OBJECTIVE: To provide health care providers, patients, and the general public with a responsible assessment of currently available data on prevention of fecal and urinary incontinence in adults. PARTICIPANTS: A non-DHHS, nonadvocate 15-member panel representing the fields of geriatrics, nursing, gastroenterology, obstetrics and gynecology, internal medicine, urology, general surgery, oncology, neurosurgery, epidemiology, biostatistics, psychiatry, rehabilitation medicine, environmental health sciences, and healthcare financing. In addition, 21 experts from pertinent fields presented data to the panel and conference audience. EVIDENCE: Presentations by experts and a systematic review of the literature prepared by the Minnesota Evidence-based Practice Center, through the Agency for Healthcare Research and Quality. Scientific evidence was given precedence over anecdotal experience. CONFERENCE PROCESS: The panel drafted its statement based on scientific evidence presented in open forum and on published scientific literature. The draft statement was presented on the final day of the conference and circulated to the audience for comment. The panel released a revised statement later that day at http://consensus.nih.gov. This statement is an independent report of the panel and is not a policy statement of the NIH or the Federal Government.
CONCLUSIONS: (1) Fecal incontinence and urinary incontinence will affect more than one fourth of all U.S. adults during their lives.

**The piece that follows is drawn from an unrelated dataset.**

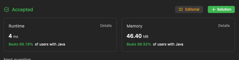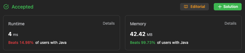 난이도 : medium 문제링크 peak element : 이웃보다 큰 노드 peak element의 인덱스를 리턴하라 peak element는 복수개가 될 수 있으나, 어느것중 하나만 정확하게 리턴하라 시간복잡도 O(logn) 성능의 알고리즘을 작성하라 1 left) { mid = (right + left)/2 + 1; if (nums[mid] > nums[mid-1]) { left = mid; } else { right = mid-1; } } return right; } } 투포인터를 두고, 각 포인터의 중간값과 중간값의 직전값을 비교함 중간값이 크다면, 가장 큰 값의 인덱스 범위는 mid ~ right 안에 있으므로 left를 mid로 변경 중간값의 직전값이 크다면, 가장 큰 값의 인덱스 범위는 l..

The natural history of fecal incontinence is unknown, and the natural history of urinary incontinence over several years is not well described. (2) Fecal incontinence and urinary incontinence often have serious effects on the lives of the many individuals who suffer physical discomfort, embarrassment, stigma, and social isolation, and on family members, caregivers, and society. Financial costs are substantial and may be underestimated because of underreporting. (3) Routine episiotomy is the most easily preventable risk factor for fecal incontinence. Risk factors for both fecal and urinary incontinence include female sex, older age, and neurologic disease (including stroke). Increased body mass, decreased physical activity, depression, and diabetes may also increase risk. (4) Pelvic floor muscle training and biofeedback are effective in preventing and reversing fecal and urinary incontinence in women for the first year after giving birth, and these approaches may also prevent or reduce urinary incontinence in older women and in men undergoing prostate surgery. Fecal and urinary incontinence may be prevented by lifestyle changes, such as weight loss and exercise. (5) Efforts to raise public awareness of incontinence and the benefits of prevention and management should aim to eliminate stigma, promote disclosure and care-seeking, and reduce suffering. Organized approaches to improving clinical detection of fecal and urinary incontinence are needed and require rigorous evaluation. (6) To reduce the suffering and burden of fecal and urinary incontinence, research is needed to establish underlying mechanisms, describe a classification system, determine natural history, classify persons according to their future risk for fecal or urinary incontinence, design interventions targeted to specific population groups, determine the effects of these interventions, and guide public policy.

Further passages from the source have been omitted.